---
title: "Rate Limit LLM APIs by Tokens Not Requests"
description: "Requests-per-minute is the wrong meter for LLM endpoints. One call can be 50 tokens or 50,000. Rate limit on input and output tokens with Zuplo's complex-rate-limit-inbound policy and the real counts from each upstream response."
canonicalUrl: "https://zuplo.com/blog/2026/05/12/rate-limit-llm-apis-by-tokens-not-requests"
pageType: "blog"
date: "2026-05-12"
authors: "martyn"
tags: "rate-limiting, llm, ai-gateway"
image: "https://zuplo.com/og?text=Rate%20Limit%20LLM%20APIs%20by%20Tokens%20Not%20Requests"
---
A request count is a terrible proxy for LLM cost. Two calls to the same endpoint
can differ by three orders of magnitude in tokens, dollars, and latency. One
might be a 30-token classifier ping. The next might ship a 40,000-token document
plus tool definitions and ask for a long structured response. A 60-RPM cap
treats them as equal, and the heavy user empties your provider budget before
breakfast.

<CalloutAudience
  variant="useIf"
  items={[
    `You proxy OpenAI, Anthropic, or another LLM provider through your own API`,
    `You bill or budget per customer and a single oversized request can blow a month of margin`,
    `Your current rate limit is requests-per-minute and the heavy users are eating the cheap users' headroom`,
  ]}
/>

## Why requests-per-minute breaks for LLM APIs

A normal CRUD endpoint has flat cost. Whether the body is 100 bytes or 10 KB,
the work is roughly the same, and counting requests maps cleanly to load.

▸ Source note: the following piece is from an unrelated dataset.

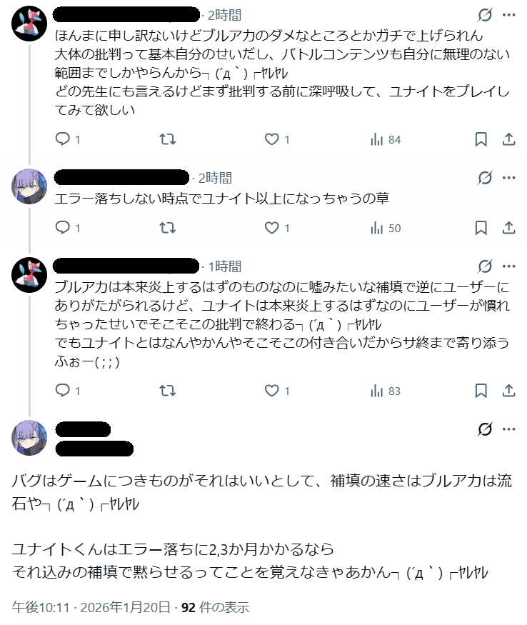 | … | 973無念Nameとしあき26/01/21(水)00:49:37No.1381616990そうだねx6課金の不具合についてマジになって語らなきゃいけないのは先生達の方なんだけどな…現実はこうして自分でエアプである証拠積み上げてるんだから笑うしかないよ |

An LLM call doesn't behave like that. Cost scales with input tokens, output
tokens, model class, whether prompt caching hit, and whether the response
streamed. Two requests with identical paths and headers can hit your provider
bill for $0.0001 and $4. Rate limiting on request count is the wrong axis.

The providers know this. They publish the right axes themselves.

## OpenAI and Anthropic limit on tokens, not requests

Anthropic's docs are unambiguous about what their meter actually measures:

> The rate limits for the Messages API are measured in requests per minute
> (RPM), input tokens per minute (ITPM), and output tokens per minute (OTPM) for
> each model class.

Three counters per model, and the token counters dominate. Tier 1 Sonnet 4.x is
50 RPM but only 30,000 input tokens per minute and 8,000 output tokens per
minute. Fifty 30-token pings sail through; a single 40,000-token document is
already over the input ceiling.

Azure OpenAI applies the same shape: TPM and RPM as separate limits, allocated
per model and deployment.
[OpenAI's own rate-limit docs](https://platform.openai.com/docs/guides/rate-limits)
match. Tokens are what run out first on real workloads.

If your gateway sits between customers and these providers, it should meter in
the same units. Counting requests when the provider counts tokens means you
either limit too loosely (a mega-request trips the upstream limit anyway) or too
tightly (a chatty cheap user gets capped like one running 50K-token jobs).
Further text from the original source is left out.